Convpass
Source code of "Convolutional Bypasses Are Better Vision Transformer Adapters"
Requirements
Python == 3.8
torch == 1.10.0
torchvision == 0.11.1
timm == 0.4.12
avalanche-lib == 0.1.0
Data Preparation
To download the datasets, please refer to https://github.com/ZhangYuanhan-AI/NOAH/#data-preparation (thank ZhangYuanhan-AI for their code). Then move the dataset folders to ./vtab/data/
.
Usage
Pretrained Model
Download the pretrained ViT-B/16 to ./ViT-B_16.npz
Train & Save
cd vtab
bash run.sh
Only the trainable parameters are saved (1.4MB/task on average).
Test
cd vtab
python test.py --method convpass --dataset <dataset-name>
python test.py --method convpass_attn --dataset <dataset-name>
Performance on VTAB-1k (seed = 42)
Natural | cifar | caltech101 | dtd | oxford_flowers102 | oxford_iiit_pet | svhn | sun397 | Average |
---|---|---|---|---|---|---|---|---|
Full FT | 68.9 | 87.7 | 64.3 | 97.2 | 86.9 | 87.4 | 38.8 | 75.88 |
VPT | 78.8 | 90.8 | 65.8 | 98.0 | 88.3 | 78.1 | 49.6 | 78.48 |
Convpass-attn | 71.84 | 90.62 | 71.97 | 99.06 | 90.98 | 89.93 | 54.25 | 81.24 |
Convpass | 72.29 | 91.16 | 72.18 | 99.15 | 90.90 | 91.26 | 54.87 | 81.69 |
Specialized | patch_camelyon | eurosat | resisc45 | diabetic_retinopathy | Average |
---|---|---|---|---|---|
Full FT | 79.7 | 95.7 | 84.2 | 73.9 | 83.36 |
VPT | 81.8 | 96.1 | 83.4 | 68.4 | 82.43 |
Convpass-attn | 85.17 | 95.57 | 83.43 | 74.76 | 84.73 |
Convpass | 84.19 | 96.13 | 85.32 | 75.60 | 85.31 |
Structured | clevr_count | clevr_dist | dmlab | kitti | dsprites_loc | dsprites_ori | smallnorb_azi | smallnorb_ele | Average |
---|---|---|---|---|---|---|---|---|---|
Full FT | 56.3 | 58.6 | 41.7 | 65.5 | 57.5 | 46.7 | 25.7 | 29.1 | 47.64 |
VPT | 68.5 | 60.0 | 46.5 | 72.8 | 73.6 | 47.9 | 32.9 | 37.8 | 54.98 |
Convpass-attn | 79.86 | 66.97 | 50.31 | 79.89 | 84.27 | 53.2 | 34.81 | 42.95 | 61.53 |
Convpass | 82.26 | 67.86 | 51.31 | 80.03 | 85.94 | 53.13 | 36.43 | 44.44 | 62.68 |
VTAB-1k Average | (Natural + Specialized + Structured) / 3 |
---|---|
Full FT | 68.96 |
VPT | 71.96 |
Convpass-attn | 75.83 |
Convpass | 76.56 |
Checkpoints can be found here.

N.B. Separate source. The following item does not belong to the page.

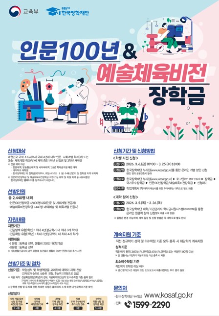 | 제목 | 인문100년, 예술체육비전 장학금 |

Extract models.zip
to ./vtab/
.
Citation
@inproceedings{jie2022convpass,
title={Convolutional Bypasses Are Better Vision Transformer Adapters},
author={Shibo Jie and Zhi-Hong Deng},
year={2022},
archivePrefix={arXiv},
}
Acknowledgments
Part of the code is borrowed from NOAH and timm.